Я допускаю, что таковы были намерения автора эпопеи, и в той мере, в какой Шредер говорит о сознательных целях поэта, он, вероятно, приписывает ему больше того, на что поэт начала XIII в. действительно был способен. Но вопрос не стоит так: либо автор понимал все то, что видит современный исследователь его творения, либо этого вообще нет в его произведении и вся проблема — выдумка ученого. Я полагаю, что эта проблема — составная часть более широкой проблемы: анализа мифопоэтическо го сознания, структуры эпических форм. Строгие повторяющиеся мифологические структуры, вскрытые при посредстве новых методов анализа, вряд ли попросту привнесены в древние мифы современными структуралистами. Мифология представляет собой систему, которая объединена определенным способом моделирования мира, и этот способ оказывается вполне логичным.

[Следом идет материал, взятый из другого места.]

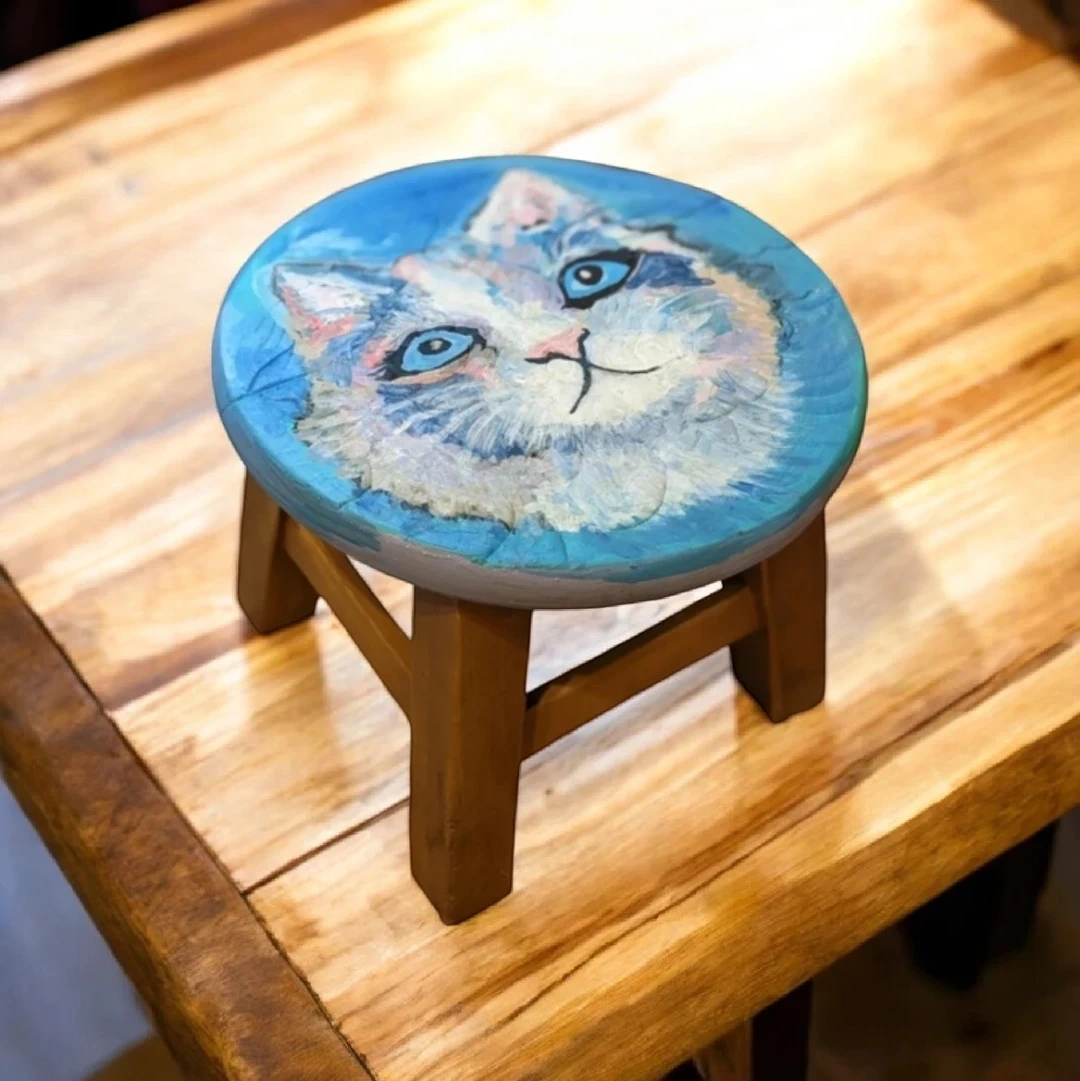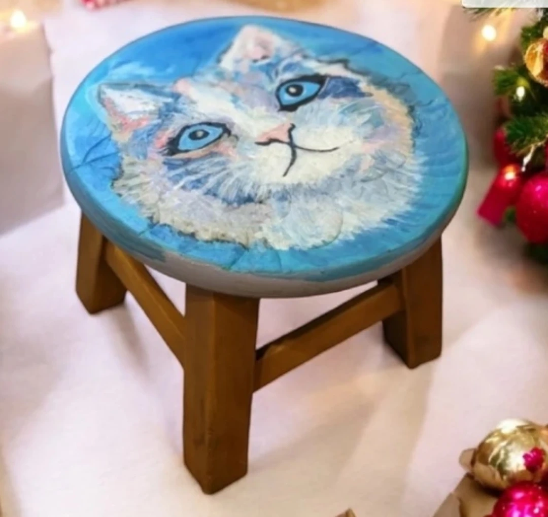 Handcrafted foot rest painting cat portrait:Max sees sky
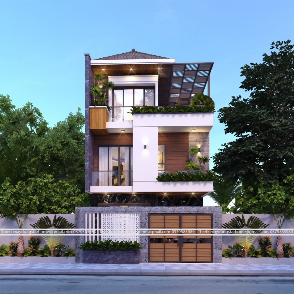 Với kiểu nhà phố 3 tầng hiện đại, sự kết hợp giữa gam màu trắng bên trong tạo không gian rộng rãi và thoáng mát, cùng với màu nâu gỗ bên ngoài tạo sự sang trọng cho ngôi nhà.Căn nhà là tập hợp không gian kiến trúc phục vụ riêng cho một gia đình, các không gian này phải thoả mãn được đời sống sinh hoạt của gia đình. Chị Mai(chủ đầu tư) là người yêu thích không gian sống hòa quyện thiên nhiên và không khí trong lành nên các vị trí của nhà liền kề đều được tận dụng bố trí các chậu cây xanh, cây phong thủy. Không gian xung quanh nhà được trang trí cây cối tạo không khí trong lành và thư giản. Tầng 3 bố trí bàn trà uống nước thư giãn, ngắm cảnh và tận hưởng không khí trong lành. Không gian đủ rộng để gia đình có thể tổ chức các bữa tiệc nhỏ buổi tối cùng gia đình, bạn bè.

Не имеет ли вывод о свойстве мифа быть одновременно диахроничным (то есть повествовать о прошлом) и синхроничным (то есть объяснять настоящее) отношение к тому, о чем зашла речь при рассмотрении пространственно-временной структуры «Песни о Нибелунгах»? Я не исключаю возможности такого ее рассмотрения и полагаю, что в этой эпопее может быть вскрыто весьма сложное построение времени и пространства без того, чтобы приписывать ее автору намерения или способности, коими он в силу средневековой «наивности» якобы не мог обладать.
Немецкий поэт начала XIII в. в своей интерпретации истории не был ни вполне оригинален, ни самостоятелен. Он черпал из того фонда представлений о времени и его течении, который был более или менее общим достоянием людей той эпохи. Как известно, линейное течение времени не было в Средние века единственным, — наряду с ним в общественном сознании сохранялись и иные формы восприятия и переживания времени, связанные с идеей его возвращения, повторения. Да и в самом христианстве, в той мере, в какой оно оставалось мифологией, время воспроизводится: сакральное прошлое, искупительная жертва Христа возвращается с каждой литургией и годичным праздником. Средневековому сознанию присуща многоплановость отношения к времени, и эта многоплановость находит выражение в «Песни о Нибелунгах».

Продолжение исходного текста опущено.